**SOURCE DATA:**
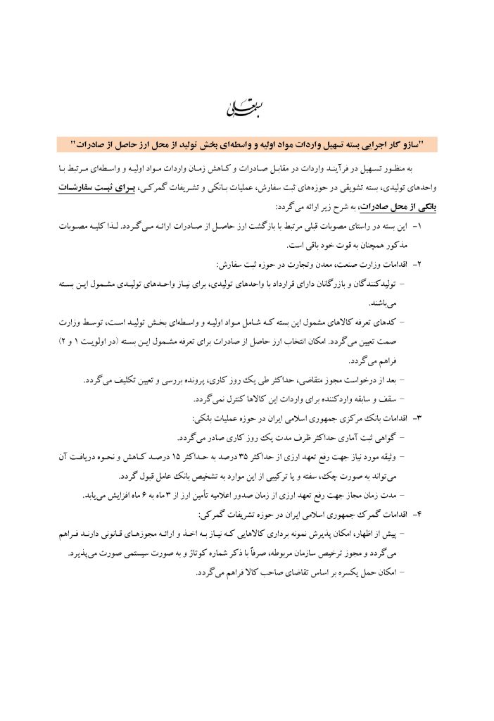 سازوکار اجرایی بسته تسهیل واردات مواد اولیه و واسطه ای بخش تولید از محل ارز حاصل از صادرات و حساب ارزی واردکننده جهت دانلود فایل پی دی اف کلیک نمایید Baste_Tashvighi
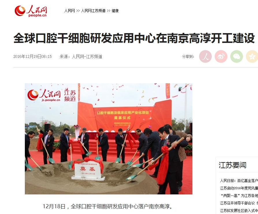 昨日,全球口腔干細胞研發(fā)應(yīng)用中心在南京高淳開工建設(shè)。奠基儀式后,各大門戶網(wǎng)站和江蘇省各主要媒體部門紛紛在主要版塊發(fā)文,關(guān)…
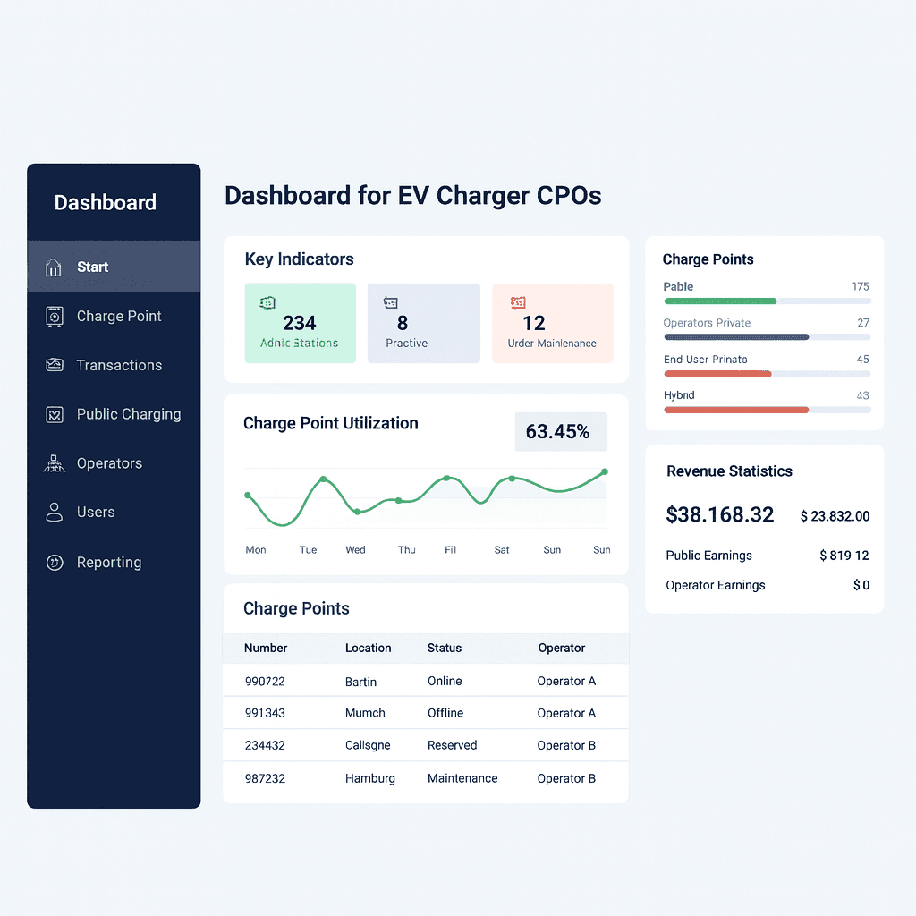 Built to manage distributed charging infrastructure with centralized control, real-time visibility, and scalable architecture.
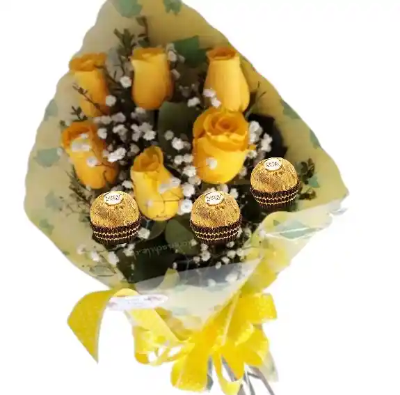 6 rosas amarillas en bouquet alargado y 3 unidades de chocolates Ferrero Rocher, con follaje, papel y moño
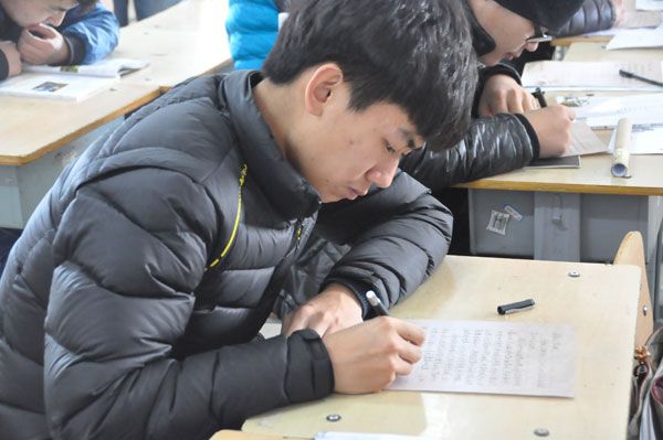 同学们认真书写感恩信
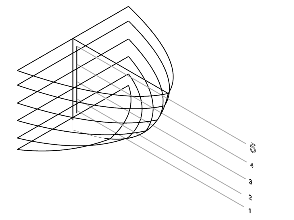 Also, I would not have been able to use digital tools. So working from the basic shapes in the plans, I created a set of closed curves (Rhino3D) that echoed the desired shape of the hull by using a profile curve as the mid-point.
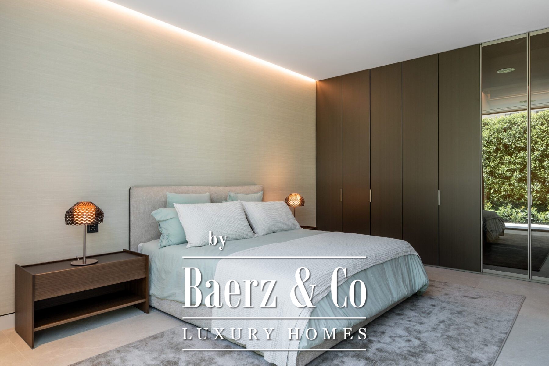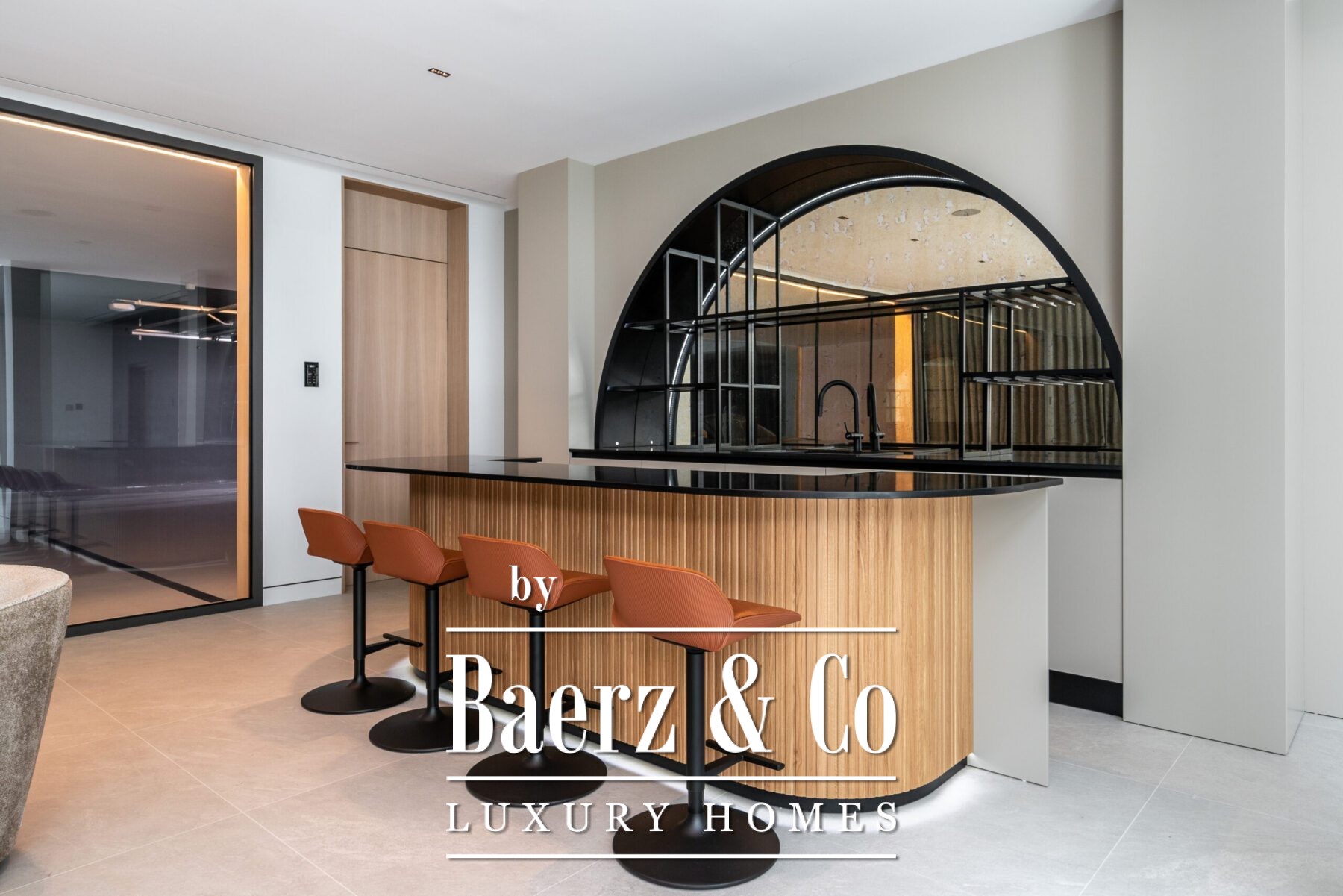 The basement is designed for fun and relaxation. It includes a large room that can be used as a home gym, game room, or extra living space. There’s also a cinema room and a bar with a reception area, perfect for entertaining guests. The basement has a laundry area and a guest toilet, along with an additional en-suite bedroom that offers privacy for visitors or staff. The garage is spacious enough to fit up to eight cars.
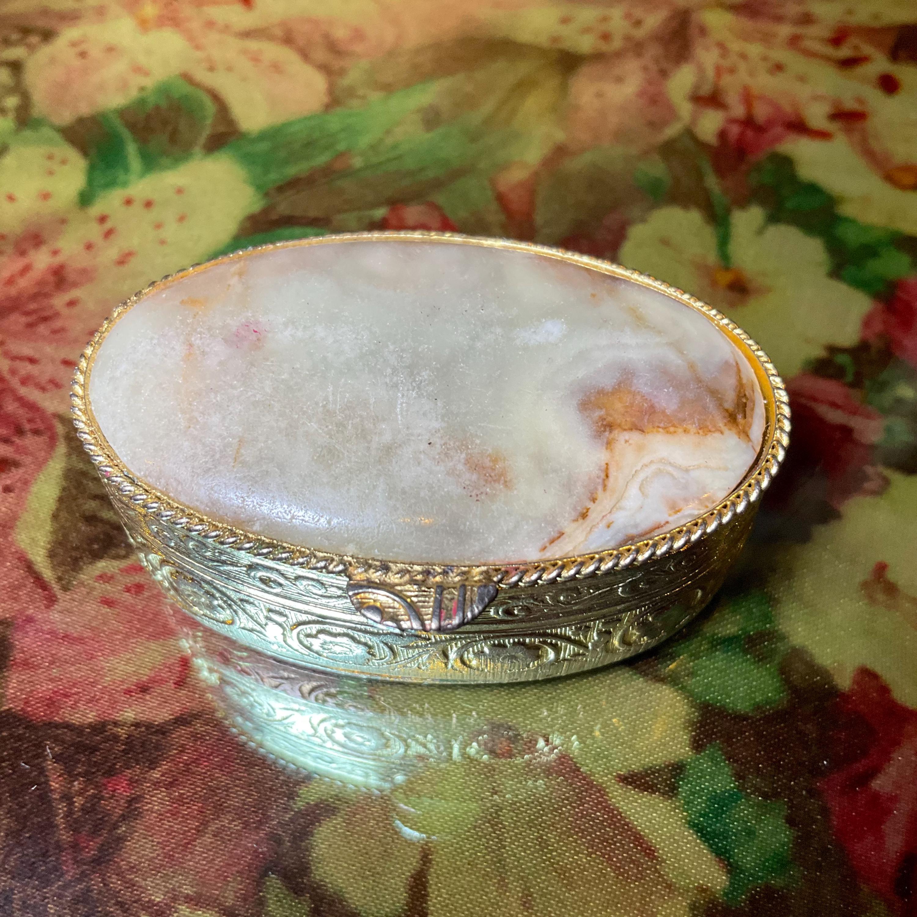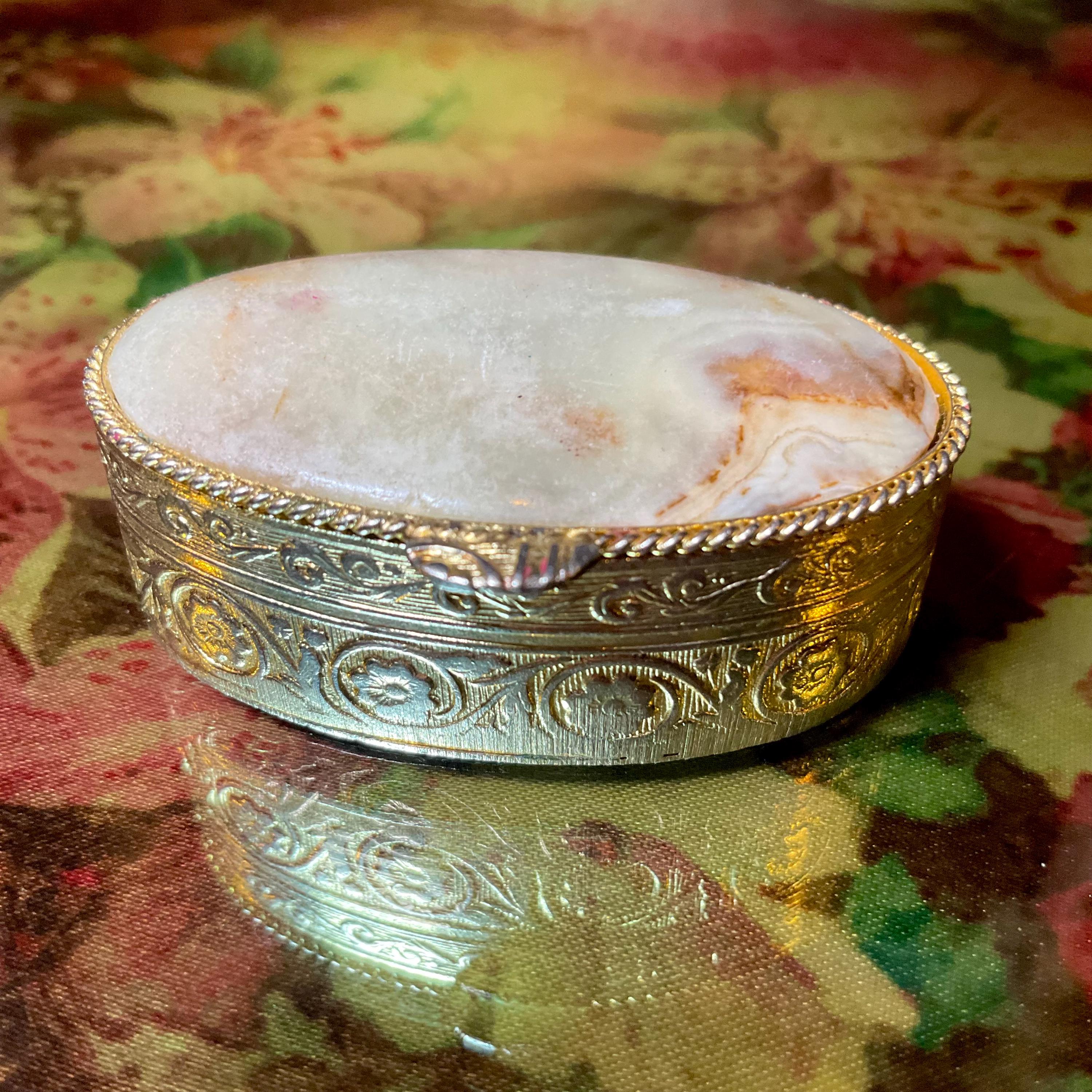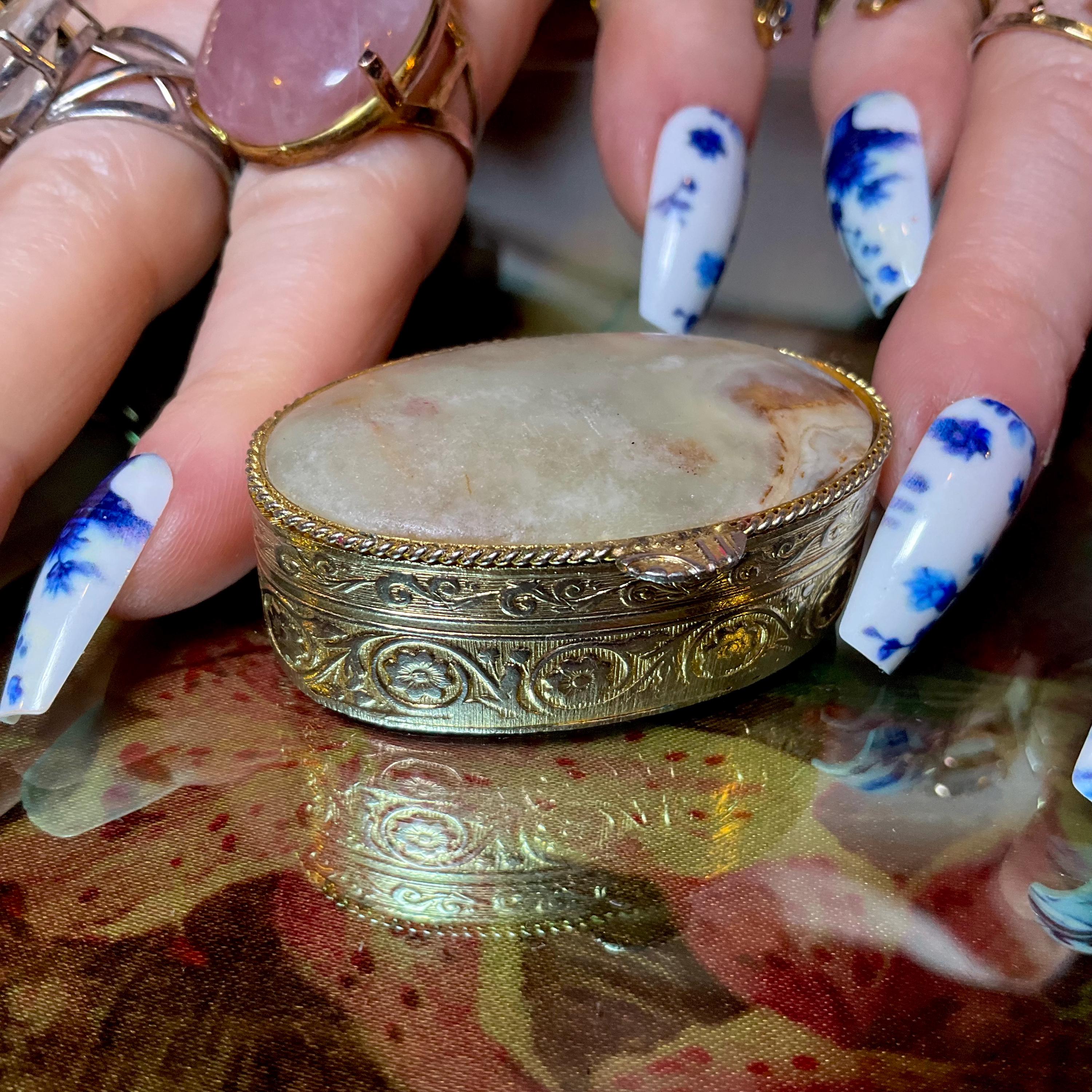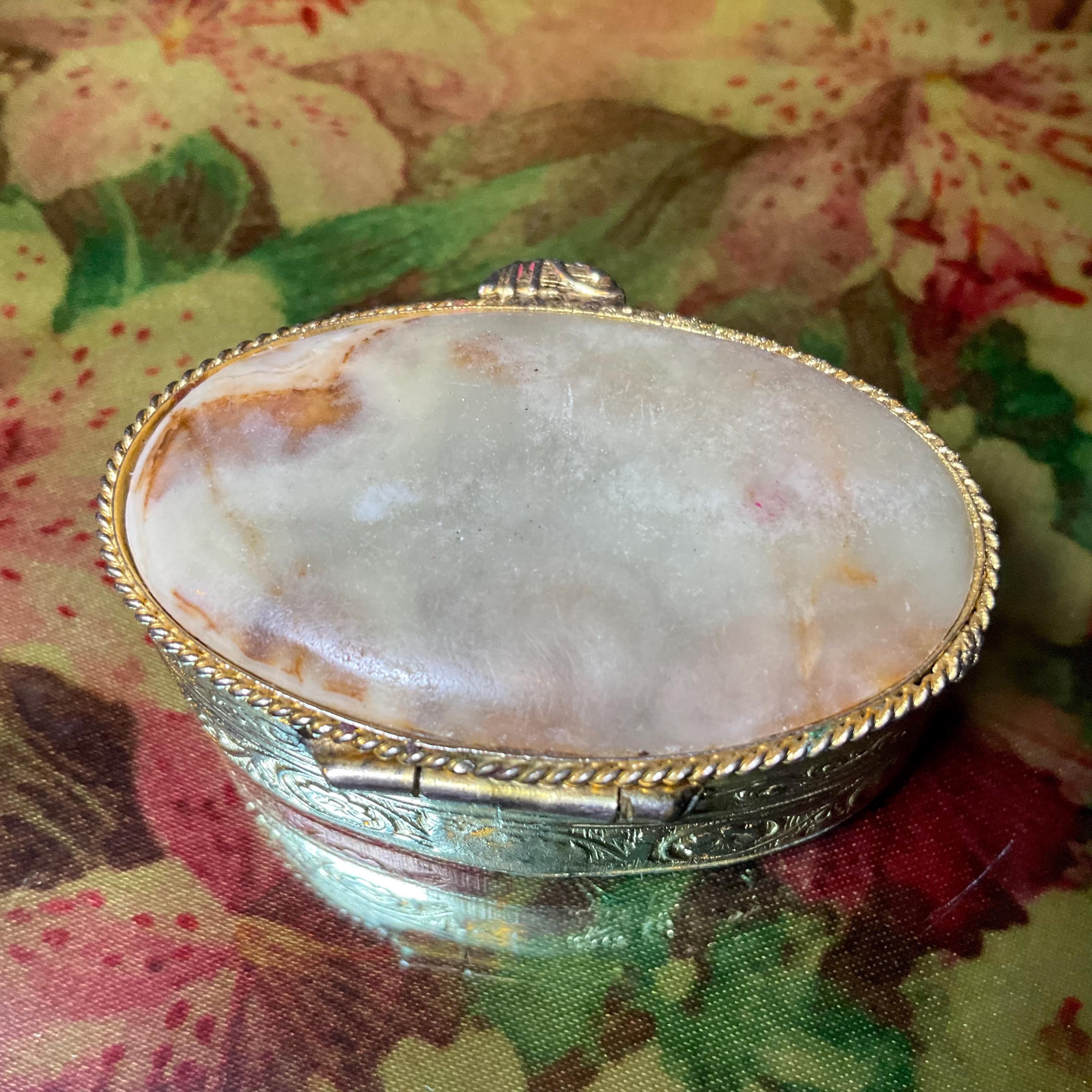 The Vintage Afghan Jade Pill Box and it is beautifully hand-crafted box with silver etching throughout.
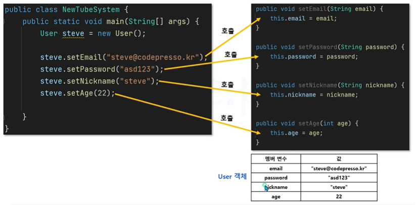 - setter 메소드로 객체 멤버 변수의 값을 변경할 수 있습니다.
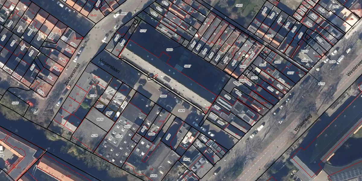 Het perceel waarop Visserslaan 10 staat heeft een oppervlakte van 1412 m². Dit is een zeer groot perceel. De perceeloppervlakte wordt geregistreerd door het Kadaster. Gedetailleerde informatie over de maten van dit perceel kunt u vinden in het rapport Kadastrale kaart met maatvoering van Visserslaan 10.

**ACTIVITY:** Your copy should repeat each entry above exactly but contain no pictures.

**TASK RESULT:**
 سازوکار اجرایی بسته تسهیل واردات مواد اولیه و واسطه ای بخش تولید از محل ارز حاصل از صادرات و حساب ارزی واردکننده جهت دانلود فایل پی دی اف کلیک نمایید Baste_Tashvighi
 昨日,全球口腔干細胞研發(fā)應(yīng)用中心在南京高淳開工建設(shè)。奠基儀式后,各大門戶網(wǎng)站和江蘇省各主要媒體部門紛紛在主要版塊發(fā)文,關(guān)…
 Built to manage distributed charging infrastructure with centralized control, real-time visibility, and scalable architecture.
 6 rosas amarillas en bouquet alargado y 3 unidades de chocolates Ferrero Rocher, con follaje, papel y moño
 同学们认真书写感恩信
 Also, I would not have been able to use digital tools. So working from the basic shapes in the plans, I created a set of closed curves (Rhino3D) that echoed the desired shape of the hull by using a profile curve as the mid-point.
 The basement is designed for fun and relaxation. It includes a large room that can be used as a home gym, game room, or extra living space. There’s also a cinema room and a bar with a reception area, perfect for entertaining guests. The basement has a laundry area and a guest toilet, along with an additional en-suite bedroom that offers privacy for visitors or staff. The garage is spacious enough to fit up to eight cars.
 The Vintage Afghan Jade Pill Box and it is beautifully hand-crafted box with silver etching throughout.
 - setter 메소드로 객체 멤버 변수의 값을 변경할 수 있습니다.
 Het perceel waarop Visserslaan 10 staat heeft een oppervlakte van 1412 m². Dit is een zeer groot perceel. De perceeloppervlakte wordt geregistreerd door het Kadaster. Gedetailleerde informatie over de maten van dit perceel kunt u vinden in het rapport Kadastrale kaart met maatvoering van Visserslaan 10.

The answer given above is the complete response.